La carrera global por dominar la inteligencia artificial acaba de romper otro récord: Amazon, SoftBank y Nvidia acordaron inyectar en conjunto 110.000 millones de dólares en OpenAI, en una ronda de financiación histórica que consolida a la creadora de ChatGPT como uno de los actores más valorados y estratégicos del sector tecnológico. Según detalló la propia empresa en un comunicado citado por DW y otros medios, Amazon aportará 50.000 millones, SoftBank 30.000 millones y Nvidia otros 30.000 millones, con la expectativa de que se sumen nuevos inversores financieros en las próximas semanas.
La operación lleva la valoración de OpenAI a alrededor de 730.000 millones de dólares “pre‑money”, según medios económicos, colocándola en la liga de las compañías tecnológicas más valiosas del mundo pese a no cotizar en bolsa. “La IA se va a implementar en todas partes. Está transformando la economía, y el mundo necesita una gran capacidad de computación colectiva para satisfacer la demanda”, declaró el director ejecutivo de OpenAI, Sam Altman, a la cadena CNBC, citado por EFE y otros portales.
Qué pone cada uno sobre la mesa
Según DW y medios especializados, el paquete se estructura así:
- Amazon
- Compromete 50.000 millones de dólares, con un desembolso inicial de 15.000 millones y otros 35.000 millones condicionados a hitos específicos en los próximos meses.
- OpenAI se compromete a usar 2 gigavatios de potencia de cómputo basados en los chips Trainium de Amazon, y AWS se convierte en socio cloud clave y “proveedor exclusivo de terceros” para la plataforma empresarial OpenAI Frontier.
- Nvidia
- Aporta 30.000 millones de dólares, estructurados también en torno a acuerdos de suministro de hardware.
- El pacto incluye el uso de 3 GW de capacidad de inferencia y 2 GW de entrenamiento en los nuevos sistemas “Vera Rubin”, que se sumarán a la infraestructura actual basada en GPUs Hopper y Blackwell.
- SoftBank
- Invertirá 30.000 millones de dólares, pagados en tres tramos de 10.000 millones entre abril y octubre, para sostener el agresivo plan de crecimiento de OpenAI mientras la compañía sigue persiguiendo la inteligencia artificial general (AGI).
Medios como The Register subrayan que, en el caso de Amazon y Nvidia, buena parte de los fondos están ligados a contratos de compra de infraestructura, de manera que cada dólar invertido se traduce en ingresos asegurados por venta de cómputo a OpenAI en los próximos años. En la práctica, la ronda funciona también como un descuento masivo sobre la factura de centros de datos que OpenAI tendrá que pagar igualmente para seguir entrenando y desplegando modelos cada vez más potentes.
Qué busca OpenAI con tanto dinero
El mensaje oficial es que el capital servirá para expandir la capacidad de cómputo y acelerar el desarrollo de modelos de próxima generación.

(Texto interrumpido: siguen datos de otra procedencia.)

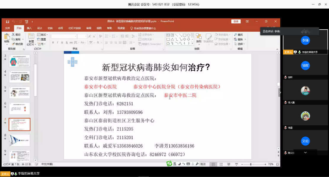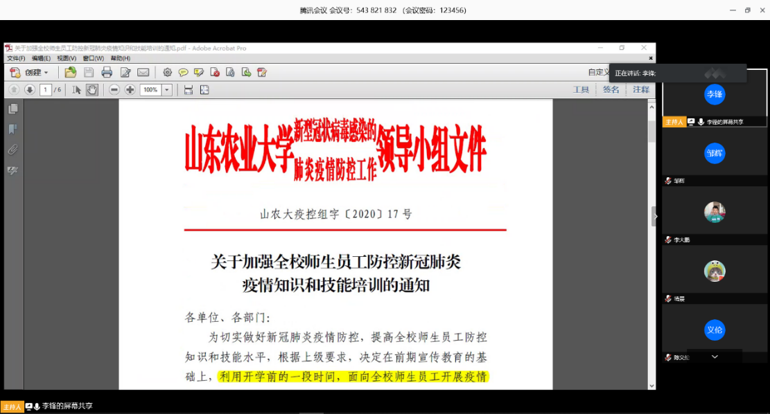 食品科学系于331日下午召开线上会议,进行防控新冠肺炎疫情知识和技能培训。会议由李锋老师主持,首先他向大家传达了山农大疫控组字[2020]17号)文件精神;其次,在李锋、张晨、徐龙华、谭欣同四位老师领读下,全体老师认真学习了《伟徳1946学生公寓疫情防控工作须知》等重要文件并做好学习笔记。此次会议有力提升了各位老师的疫情防控能力和处理水平。

Con los nuevos acuerdos, OpenAI asegura:
- Acceso a gigavatios de potencia de procesamiento dedicados, una escala propia de infraestructuras eléctricas nacionales.
- Una alianza reforzada con AWS, que integrará modelos de OpenAI en su oferta (por ejemplo, en Amazon Bedrock) y permitirá a desarrolladores crear modelos personalizados para productos de consumo basados en esa tecnología, complementando la línea interna de modelos Nova de Amazon.
Altman ha insistido en que el cuello de botella de la IA ya no es solo el talento, sino la energía y el hardware para entrenar y desplegar modelos a escala planetaria. Este acuerdo, interpretan analistas, es una forma de asegurar “combustible” computacional a largo plazo, mientras OpenAI compite con gigantes como Google, Meta y Anthropic en la carrera por modelos más grandes, rápidos y especializados.
Por qué importa esta ronda
Para el ecosistema tecnológico, la operación envía varias señales claras:
- La apuesta es a largo plazo: comprometer 110.000 millones de dólares indica que los grandes actores creen que la IA generativa y los agentes avanzados serán infraestructura básica de la economía, no una moda pasajera.
- Se consolidan bloques estratégicos: Amazon amarra a OpenAI como cliente preferente frente a rivales como Microsoft Azure o Google Cloud, mientras Nvidia garantiza demanda masiva para sus nuevas generaciones de GPUs y sistemas “Vera Rubin”.
- SoftBank vuelve a jugar fuerte: el grupo de Masayoshi Son, conocido por apuestas gigantes a futuro (Vision Fund), se coloca en el corazón de la ola de IA tras varios años de reacomodo.
En palabras de Altman, recogidas por varios medios, “la IA se va a implementar en todas partes” y esta ronda es una manera de preparar la “capacidad de computación colectiva” que hará falta para sostener esa expansión.